As the Industrial Revolution gathered momentum in the middle of the 19th century, human activities of many sorts added more and more substances to those that circulate naturally among the air, water, soil, and all living things. Some of these substances are beneficial for agriculture and forestry because they provide nutrients for the growth of crops and forests or accelerate the natural weathering of soil minerals. Other substances are less important because they are inert biologically. Still other substances are detrimental because they cause stress in plants, animals, or microorganisms, alter surface and ground water quality, aggravate nutrient deficiencies in soils, or accelerate the soiling, weathering, or corrosion of engineering and cultural materials.
Everything human beings do on a large scale influences the chemistry of the atmosphere and, in turn, the health and productivity of the ecosystems on which the abundance and quality of our life depends. The largest of all human influences on the chemical climate results from combustion of fossil fuels, urban development, and clearing of land by burning of natural vegetation. These activities include: generation of electricity, mining and smelting of metals, processing and use of petrochemicals, industrial processes of many sorts, use of transportation vehicles, space and water heating, incineration and decomposition of sanitary and solid wastes, use of explosive devices in peace and war, launching of space vehicles, and agricultural and silvicultural operations involving plowing, cultivating, spraying, disposal of plant and animal wastes, and burning of farm and forest residues.
In recent years, the words " acid rain" have captured the imagination of the people of Europe and North America in much the same way and for substantially the same reasons that Rachel Carson's " Silent Spring" captured our imagination in the early 1960s. But " acid rain" must be recognized as only one special feature of a series of more general subjects that include:
The emission, transport, transformation, deposition, and uptake of natural and man-made chemicals from the atmosphere into ecosystems.
Wet and dry deposition of beneficial nutrients and injurious gases, aerosols, and dissolved or suspended substances in rain, snow, hail, dew, and fog.
The short-distance and long-distance transport of air pollutants from one state or nation to another.
The role of human activities as a potent force in the biogeochemical circulation of matter in the earth; and
The responsibilities of human beings as managers of industrial societies and custodians of the natural resources of the earth.
The airborne chemicals of major concern to our society are listed in Table 1. They include two major types of pollutants (primary and secondary) and eight specific chemical or physical groups of substances. Primary air pollutants are gases or other volatile waste products emitted directly from stationary or mobile sources. Stationary sources include power plants, metal smelters, and other industrial or commercial installations, as well as domestic and commercial space and water heating units. Mobile sources are mainly cars, trucks, trains, aircraft, and ships. Secondary pollutants include a wide variety of substances formed in the atmosphere by chemical transformation of primary pollutants.

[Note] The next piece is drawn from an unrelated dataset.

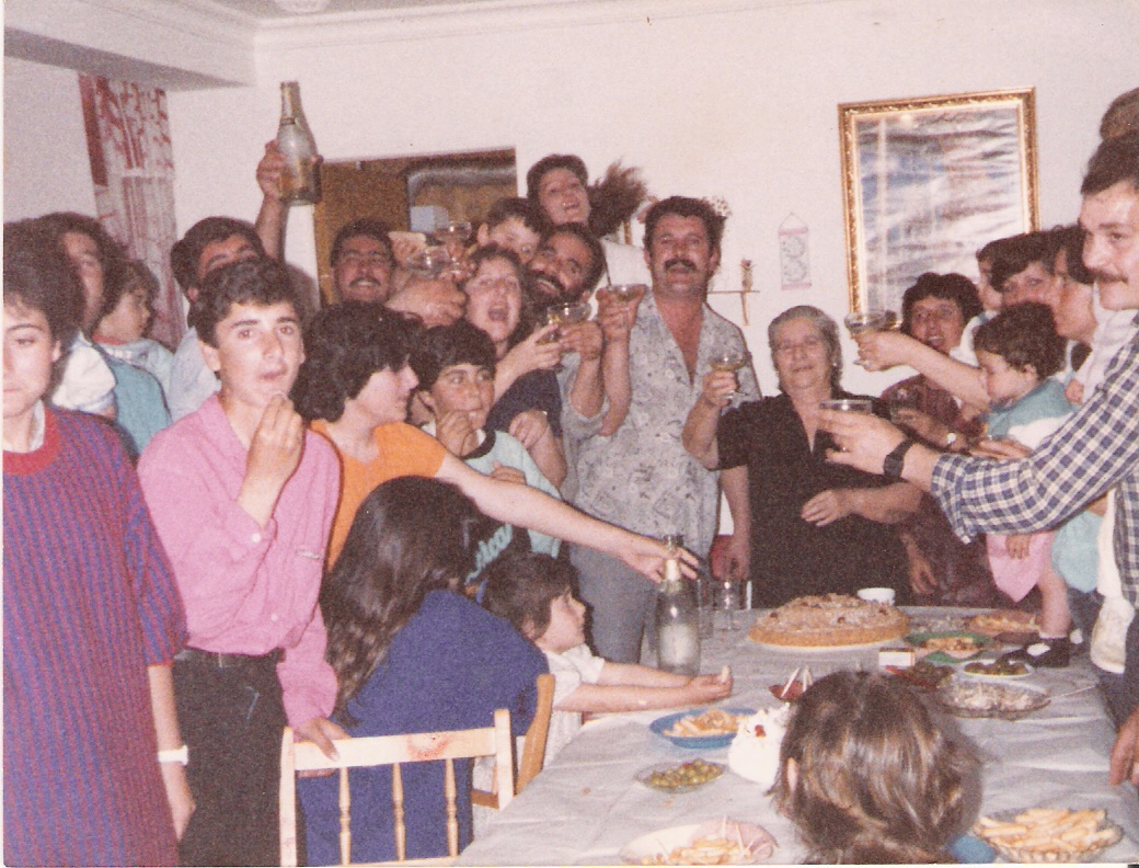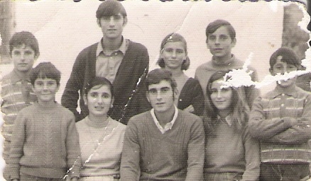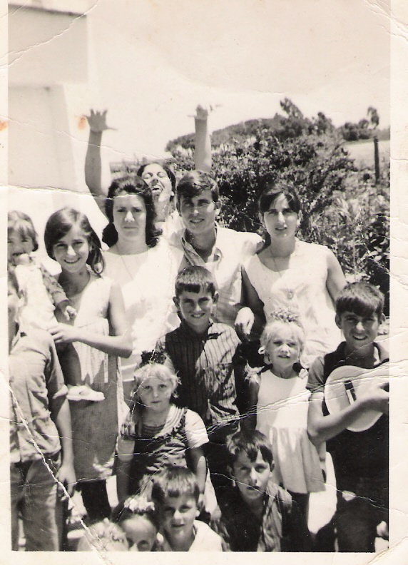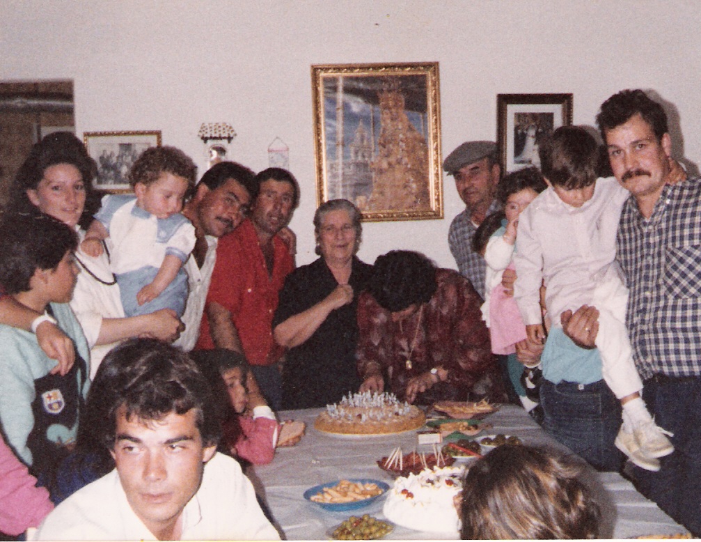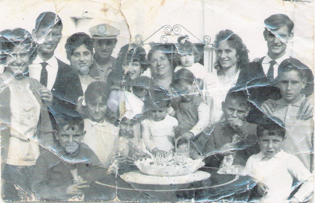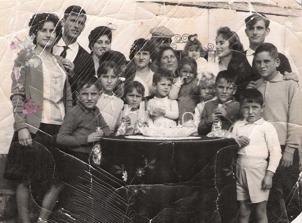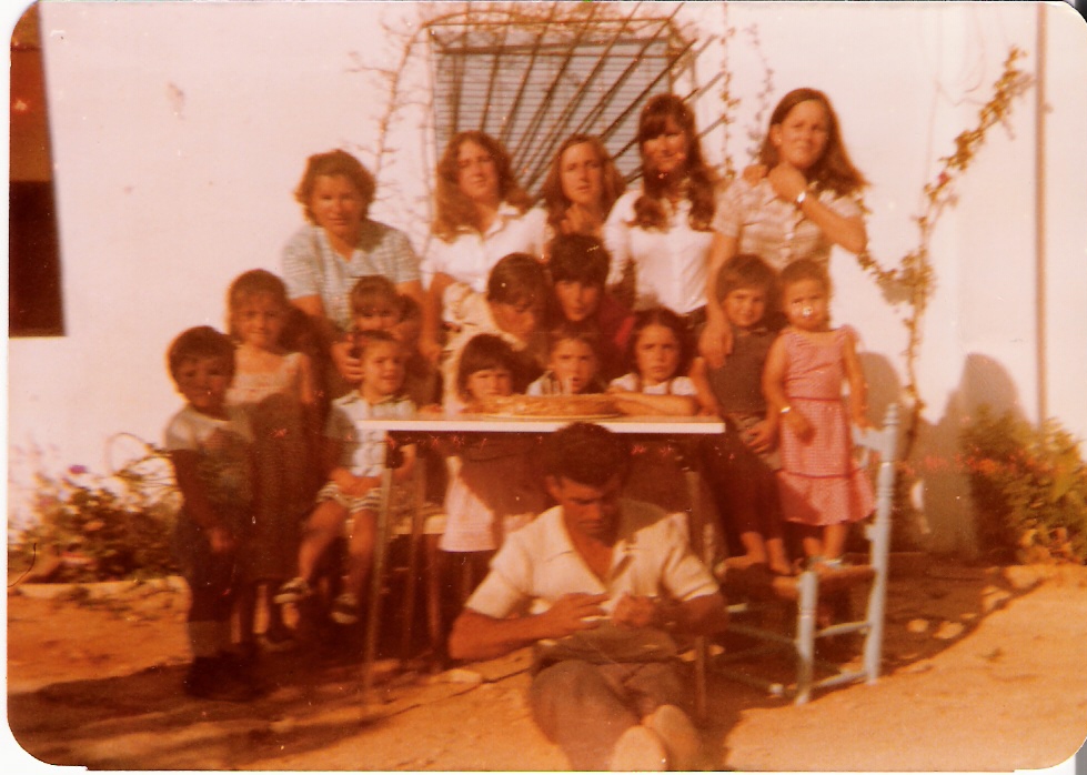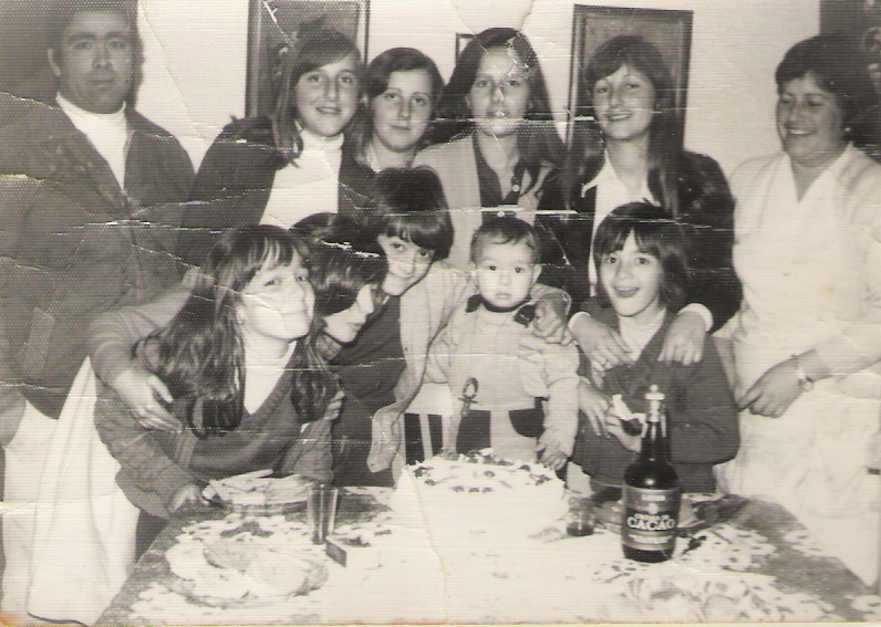Celebrando el cumpleaños de Juan Manuel, hijo de Cariri y Paco. En la foto podemos observar en el centro a las chicas más pequeñas de la familia Catapez. De izquierdas a derecha y de arriba hacia abajo son: Paco Salazar, Pepi, Conchi, Mila, Carmelú, Cariri y abajo Cari, Merche, Francis, Juan Manuel y Conchi.

The six most important primary air pollutants are sulfur dioxide, nitrogen oxides, toxic elements such as lead and fluorine, a wide variety of volatile organic compounds, carbon monoxide, and particulate matter. The two most important secondary pollutants are photochemical oxidants (especially ozone) and acid deposition. Airborne acids and particulate matter can occur as both primary and secondary pollutants.
The operation of power plants, metal smelters, and motor vehicles all illustrate the dilemma in which we find ourselves. Electricity, metals of various sorts, and transport vehicles are used for many worthwhile purposes in our society. Fossil fuels (mainly coal, oil, and natural gas), and sulfide metal ores are available near the earth surface. The fuels can be burned to generate electricity or to propel motor vehicles. The metal ores can be roasted to separate " the metal" from the sulfur and other " impurities." During these combustion and heating processes, certain waste products are produced. These waste products include sulfur and carbon oxides formed from the fuels and sulfide ores, nitrogen oxides formed mainly from nitrogen in the air, and certain noncombustible materials including various toxic metals. These waste materials accumulate either as a solid (ash) or are released into the atmosphere in a rapidly moving stream of exhaust gases and aerosols.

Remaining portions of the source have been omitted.